[SPARK-52024][SQL] Support cancel ShuffleQueryStage when propagate empty relations
What changes were proposed in this pull request?
a.This pr introduce cancel queryStage mechanism.
- Cancel shuffle queryStage only When it's not reused nor reusing others
- Mark the cancellable queryStage when it's not completed yet in reOptimize stage
- When cancellable queryStage is determined to be cancelled by costEvaluator(cancellable queryStage in
EmptyPropagateshould always be cancelled), the queryStage has no relation with current logical plan nor physical plan any more - Cancel the queryStage after the corresponding job is completed, will effect nothing
- Cancel the queryStage when the corresponding job is running, the job will be cancelled
- Cancel the queryStage before he corresponding job is started, the job corresponding this queryStage will still be submitted, this case should be optimized in future commit, however it's not worse than before this pr
b.Apply this mechanism to AQEPropagateEmptyRelation, cancel the running queryStages which are unnecessary since propagate empty relations.
Why are the changes needed?
- Cancel queryStage mechanism can make AQE more flexible, we can add more CBO feature by using this mechanism after this pr merged.
- Tasks corresponding to unnecessary running queryStages occupy the executor cores, thus wasting compute resource
Does this PR introduce any user-facing change?
Yes, user will see stage failure because of optimized stage cancellation , but this failure takes no effect to the query result
How was this patch tested?
Manual test, since we can not guarantee the completion order of query stages, it's not reliable to put it in unit test
./bin/spark-shell --master local[4]
scala> case class TestData(key: Int, value: String)
defined class TestData
scala> case class TestData2(a: Int, b: Int)
defined class TestData2
scala> spark.sparkContext.parallelize(Seq.empty[Int].map(i => TestData(i, i.toString))).toDF().createOrReplaceTempView("emptyTestData")
scala> spark.sparkContext.parallelize((1 to 100).map(i => TestData(i, i.toString))).toDF().createOrReplaceTempView("testData")
scala> spark.sparkContext.parallelize(TestData2(1, 1) ::TestData2(1, 2) ::TestData2(2, 1) ::TestData2(2, 2) ::TestData2(3, 1) ::TestData2(3, 2) :: Nil,2).toDF().createOrReplaceTempView("testData2")
scala> spark.udf.register("fake_udf", (input: Int) => {
| Thread.sleep(100)
| input
| })
scala> spark.sql("SELECT t.key1 FROM emptyTestData join (SELECT testData.key as key1 FROM testData join testData2 ON fake_udf(testData.key)=fake_udf(testData2.a) ) t on t.key1 = emptyTestData.key union SELECT testData.key FROM testData join testData2 ON testData.key=testData2.a ").collect
before this pr
after this pr
Was this patch authored or co-authored using generative AI tooling?
No.
@cloud-fan @LuciferYang @panbingkun PTAL
We should make GA green first
what if the shuffle stage is being reused by other places? I don't think we can cancel it without a ref counting to prove it's not used anywhere.
what if the shuffle stage is being reused by other places? I don't think we can cancel it without a ref counting to prove it's not used anywhere.
Appreciate your time to review, could you help to explain more detail about 'reused by other places', currently i use AdaptiveExecutionContext#stageReuse to record the reuse cases, which similar to a ref counting.
I think it's more complicated than what you implemented now: what if the reuse stage is completed before we want to cancel the original stage? What if the reuse stage has not started yet?
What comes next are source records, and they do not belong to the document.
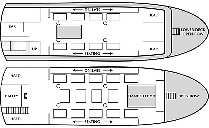 seats 80 to 100 guests for San Francisco dinner cruises while the upper deck accommodates 60 to 70 guests for an SF dining cruise.
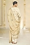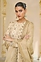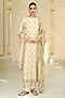 Arpita Mehta presents a cream bandhani kurta in georgette base. It is paired with dupion silk pants and a tissue dupatta. Perfect for festive occasion, sangeet or reception nights, these golden outfits exude modern glamour, style them with statement earrings and soft, dewy makeup for an elegant finish.
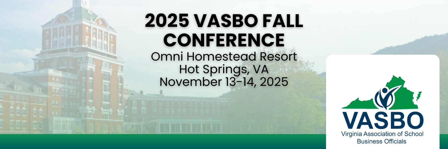Join us for the 2025 VASBO Fall Conference, November 13-14 at the Omni Homestead in Hot Springs! This year's conference will feature a great lineup of speakers to address the most pressing issues in school business and provide ideas to assist you daily. Additionally, our VASBO partners will be on-site for informal networking and to discuss the latest in school business products and services.
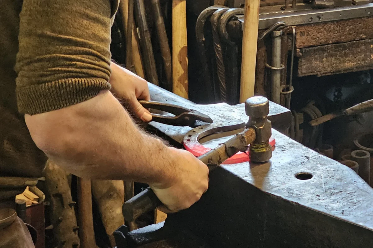 Forgeage d’un fer à cheval à la forge de La Tzintre, Charmey (FR). © Margrit und Peter Üelinger
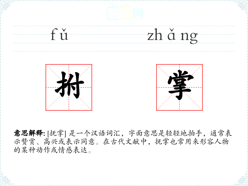 抚掌作为一个词汇,不仅描述了一个具体的动作,还承载了赞赏和鼓励的情感。在语言学*和表达中,理解和正确使用这样的词汇能够丰富我们的表达方式,增强沟通的效果。
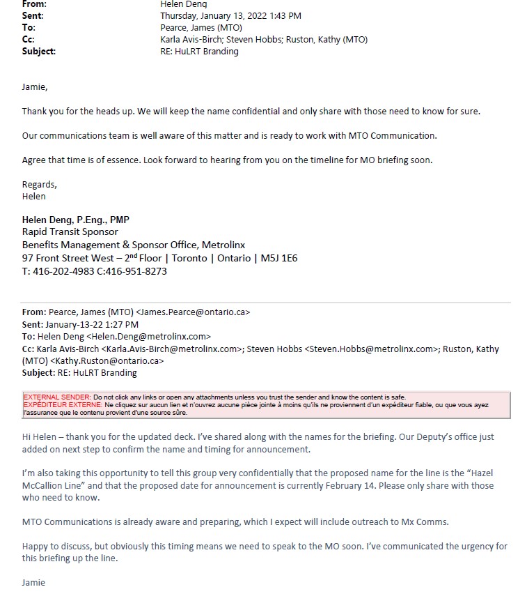 James Pearce, the director of transit capital & operations at MTO and previously a senior policy advisor at the Ontario Cabinet Office, notified Metrolinx of the province’s intent of naming the LRT after McCallion on January 13, 2022, with the direction that it be kept confidential, and that a meeting with the Minister’s Office (MO) would soon follow. Pearce also revealed that the official announcement would take place on February 14, McCallion’s birthday. MTO’s communications branch would prepare materials for the official announcement.
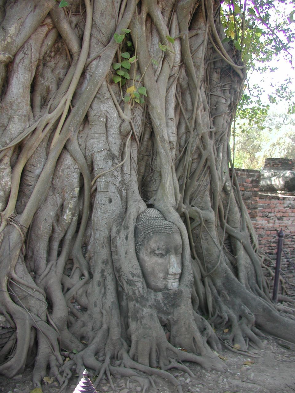 download file This is a particularly famous site in Ayutthaya. The temple where this Buddha head is located was burnt to the ground during one of Thailand's wars with Burma. The head was removed from a Buddha statue but was to heavy to drag very far. Much of the ruins were taken over by jungle before being rediscovered and by that time this particular head was in the embrace of a large, beautiful tree. |

It's really a complicate algorithm with shuffle reuse being considered, can we explain it in detail in the PR description?
Fine, update the PR description.
1. Cancel shuffle queryStage only When it's not reused nor reusing others
2. Mark the cancellable queryStage when it's not completed yet in reOptimize stage
3. When cancellable queryStage is determined to be cancelled by costEvaluator(cancellable queryStage in `EmptyPropagate` should always be cancelled), the queryStage has no relation with current logical plan nor physical plan any more
4. Cancel the queryStage after the corresponding job is completed, will effect nothing
5. Cancel the queryStage when the corresponding job is running, the job will be cancelled
6. Cancel the queryStage before he corresponding job is started, the job will still be submitted, this case should be optimized in future commit, however it's not worse than before this pr
Is there a possibility for this PR to progress further?
We're closing this PR because it hasn't been updated in a while. This isn't a judgement on the merit of the PR in any way. It's just a way of keeping the PR queue manageable. If you'd like to revive this PR, please reopen it and ask a committer to remove the Stale tag!